The Tragedy Of Enoch Powell

The right leaning part of the press does not easily pass up a chance to try and rehabilitate the memory of one John Enoch Powell, and despite his having died long ago, that name is all over the Mail and Maily Telegraph once again in celebration of what would have been his hundredth birthday. So, for one more time, the message is pushed that Enoch Was Right All Along.


It's That Cover Again

And in the vanguard is, once again, the preposterously pompous and puffed-up Simon Heffer, for whom anything and everything that Powell said or did was not merely without fault, but the sign of a “titanic intellect [and] subtlety of mind”. We hear that Powell later reckoned that, had he given his Virgil quote in the original Latin, his 1968 speech on immigration would have caused less fuss.

Well, dead right it wouldn’t: for starters, none of the hacks reporting on it would have had a clue what he was going on about, and those in the Tory Party who did would have given each other a nod and a wink and then kept schtum. This does not occur to the Hefferlump, who instead drones on about how many languages Powell spoke (but thankfully does not segue into the Python travel agent sketch).

Heffer is backed up by the even more odious Quentin Letts (let’s not) who tries and fails to slip in a strawman at the outset: “For years, Enoch Powell’s name has caused convulsions among the intolerant left”. Bullshit. Who chucked him out of the shadow cabinet? Which party did he fall out with? That would be the Tories. Anyone on the left either enjoyed the spectacle or wasn’t fussed.

At least Peter Oborne at the Tel manages to provide some balance to this idea of painting Powell as some kind of latter-day prophet. Yes, Powell brought great intellectual gravitas to subjects like Lords reform, but of his infamous Birmingham speech, “The bloodshed he forecast has not occurred, while his language was dreadful”. If only others at the same paper could muster equal candour.

Instead, Ed “Case” West tells of how Powell foresaw “the European Project [that] has left the continent in ruins”. No Ed, that was World War 2. Do try and keep up. And then there is Charles Moore, asserting that “Powell was, until the rise of Margaret Thatcher, the most famous politician in Britain”. Baloney. By 1979 Powell was more or less forgotten. Heath, Wilson and Callaghan were and are better known.

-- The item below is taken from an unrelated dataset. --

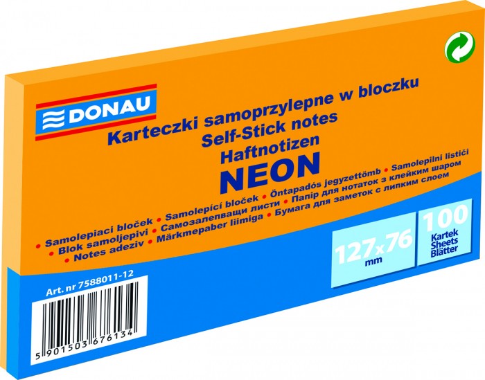 Karteczki samoprzylepne Donau 127 x 76 mm pomarańc

The only reason that Powell is remembered today – apart from his speech in 1968 and subsequent departure from the Tory Party – is that the press keeps dragging up his memory. But, equally, they keep getting it wrong: Enoch Powell sacrificed his political career at the altar of fake and cheap populism. If there is an ancient classical connection, it is one of Greek tragedy, not Latin legend.

It would make a sad and yet compelling film. Perhaps I can interest Sir Kenneth.